34 skills built and running. 128 scripts. 23 named cognitive primitives, 18 validated through independence testing. a code intelligence system tracking thousands of symbols across multiple repositories. adversarial review pipelines where independent specialist agents stress-test outputs before they ship. a measurement framework tracking every session. 22 scheduled automations. two AI agents with distinct cognitive roles coordinated through a shared knowledge layer.

I say this not to flex. I say it because every piece exists because the simpler version failed. the three-layer memory exists because a flat file system became unusable at 200 files. the write gate exists because the index bloated to 34KB and started losing entries past line 200. the anticipation primitives exist because I kept forgetting to check things I told myself I’d check. every piece of infrastructure was built in response to a real failure, not in anticipation of a theoretical one.

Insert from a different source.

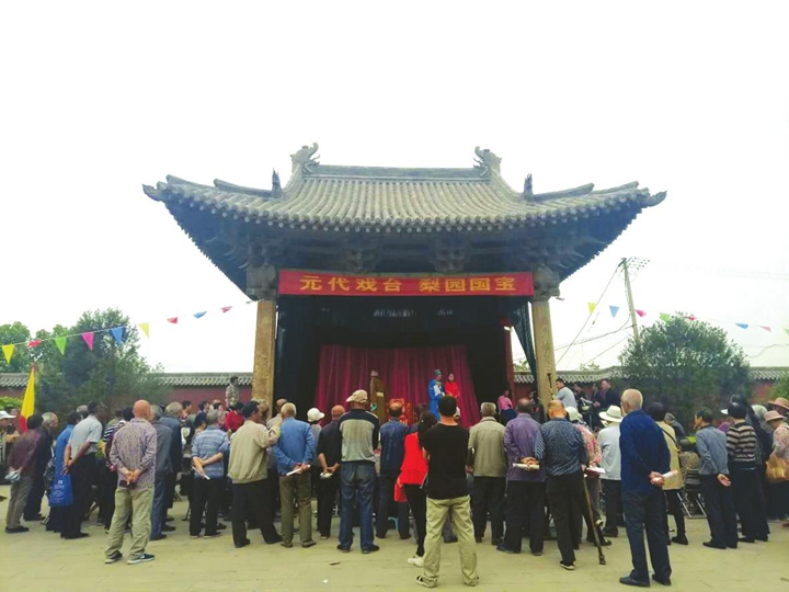 魏村牛王庙戏台建于元至元二十年(1283年),戏台呈平面正方形,为典型的单檐歇山顶建筑。四角立柱,前两根为抹角石雕,台周三面敞朗,台上无前后之分,顶部为精构巧架的藻井,整个建筑精巧别致,古朴典雅,是我国现存最久远的元代戏台。如今,古戏台受到文物部门的重点保护,庙会期间的戏曲表演大多在现代舞台进行,只有农历四月初十这天,在魏村文物管理所及当地村民的联合保护下,才会在古老的戏台上唱一段传统戏曲,让群众感受古老戏台和传统戏曲的魅力。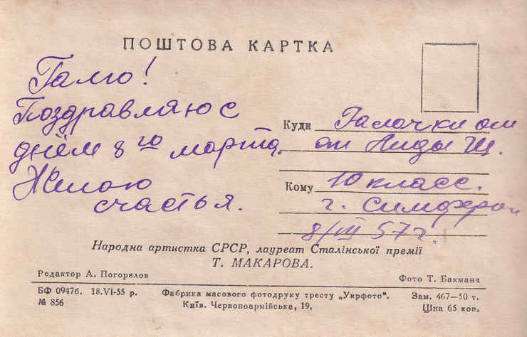 Открытка. 1955 год.

the system is a scar map. every feature marks where something broke.

the four questions

if you’re building a personal knowledge system and it’s starting to feel like a filing cabinet, ask four questions:

does it forget? if nothing ever leaves the active layer, you’re building a database. decay is not data loss. it’s attention management. detail persists in the deep layer. the active layer stays light.

does it speak first? if you have to search every time, you’re doing the system’s job. the system should watch, pattern-match, and surface. not replace your judgment. just tap you when something matters.

does it understand connections? if your entities are stored in rows, you have a database. if they’re nodes with typed edges, you have a map. a filing cabinet knows what it contains. a knowledge graph knows how things relate, what depends on what, and what changes when something moves. backlinks are the starting point. typed relationships are the destination.

does it have layers? if every piece of information lives at the same depth with the same visibility, you have a filing cabinet with a search bar. separate the index from the detail from the graph from the awareness. different half-lives. different connectivity. different purposes.

Drew asked how to keep it feeling like a living network instead of a filing cabinet.

the answer: build a system that forgets, speaks first, maps real relationships, and separates what’s hot from what’s cold. the filing cabinet stores everything equally. the living system knows what matters right now and how it connects to everything else.